The Top 3 Penny Stocks According to Leerink – Make Triple-Digit Gains
The term penny stock is used to refer to the stock of a small organization trading at a value that is less than $5 for each share. While a few of them are traded on the major stock exchanges, most trades are conducted over the counter through the OTC Makers Group and Bulletin Board. As it so happens, the majority of penny stocks trading at less than $1 for each share do not provide much promise in terms of return.
In 2019, the average volume of daily trading was greater than 1 million for the 102 stocks in the USA that had a per-share price less than $1. Among these, just 9.8% of the stocks showed positive returns. This tells us that investing in penny stocks comes with its fair share of risks.
Should you invest in penny stocks?
While dealing with penny stocks, you shouldn't get fooled by the low Price-to-Earnings ratio because they are unlikely to rise from that level. Many times you may face a situation where the spreads have widened too much, or the volumes have disappeared all of a sudden. This happens due to a group of people forming an accord with some promoters to create a false demand by boosting a stock's price, after which the value of the stocks falls sharply because of the withdrawal of support.
Many companies try to promote large orders by paying for them, but the entire construct disappears in the end, with the company’s net worth falling to a negative value. The people who brought these shares are then left with no choice but to sell them at a price much lower than what they were bought for. Penny Stocks are opaque because these small organizations are often not tracked by any authority.
As a general rule, you should consider a penny stock to be reliable if it has a higher trade volume. You should concentrate on penny stocks, where more than 100,000 shares are traded every season. Furthermore, you should avoid those stocks that are priced below 50 cents for every share because they are mostly unproven and attached to companies that don’t have a good track record.
After identifying a stock that can bring you potential profits, take some time before buying it. You should keep your eye on the stock for about seven days, see the trading performance and volume, track the price changes, and know the best entry price before confirming the purchase. Let us now take a look at the 3 penny stocks that Leerink considers to be the best options for making huge gains.
1. HTG Molecular Diagnostics (HTGM)
Since the end of March, HTG Molecular Diagnostics has remained a good bet in the penny stocks market. During that time, HTG, a company that provides high-quality diagnostic solutions, looked into the reaction of the immune system to SARS-CoV-2, and discovered that they could use it to treat patients affected by the coronavirus.
Its sister company HTG EdgeSeq is known for automating extremely complicated molecular profiling from both liquid and solid samples. In essence, it aids in identifying biological markers that are vital for medicinal purposes.
The penny stocks of HTGM performed quite well during the first couple of quarters, but at the end of the third quarter, its price has plummeted a bit. Towards the end of July, the stock price reached a value of $0.80, but after that, the price of each share has dropped back to $0.30. So essentially, it lost all the gains made during the last few quarters.
In the first week of September, nevertheless, this penny stock showed some promise. The price per stock rose from $0.30 to $0.37 during this period. The reason behind this sudden rise is said to be a contract made by the company with the government.
2. T2 Biosystems (TTOO)
This company is a known manufacturer of molecular test panels and diagnostic devices. T2 Biosystems has a long history of struggle, and normally this is a cause for concern, but according to Leerink, the per-share price of $1.07 gives traders a great opportunity to ride the turnaround wave.

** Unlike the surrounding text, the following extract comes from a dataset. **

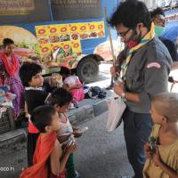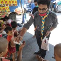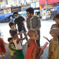 Today in early morning he wake up. Put the uniform and came forward to distribute Sanitizer and dry food for Street Children in Gariahut region.

This stock’s good performance can be attributed to the testing solutions it has been providing for COVID. In the second quarter of 2020, the company said that the demand was quite high for these tests. They were carried out mostly on hospitalized patients to rule out instances of sepsis.
Moreover, the company’s balance sheet is now quite strong, with the perfunctory cash position reaching $69 million. Analysts are predicting a bull market with the stock’s price target kept around $3. Overall, this stock is showing a strong buy signal.
3. Genocea Biosciences (GNCA)
This cancer vaccine development company currently has a current per-share price of $2.24, and as per Leerink, it holds great potential. GNCA's innovative research on neoantigens has placed it in a unique position in the market. In February 2020, the CEO of the company, along with its president, held an important conference.
Since history has shown us that biotech stocks often rise or fall after important meetings, this could be a sign that the company is up to something big. Analysts suggest the upside potential for this stock to be 128%, and the price target is set at $5.
There is no point pretending that investing in penny stocks is a high-risk affair. As such, you always need to know how a particular stock is performing and what the future predictions for the same. The threepenny stocks mentioned above showed great potential recently and should be safe investments for you.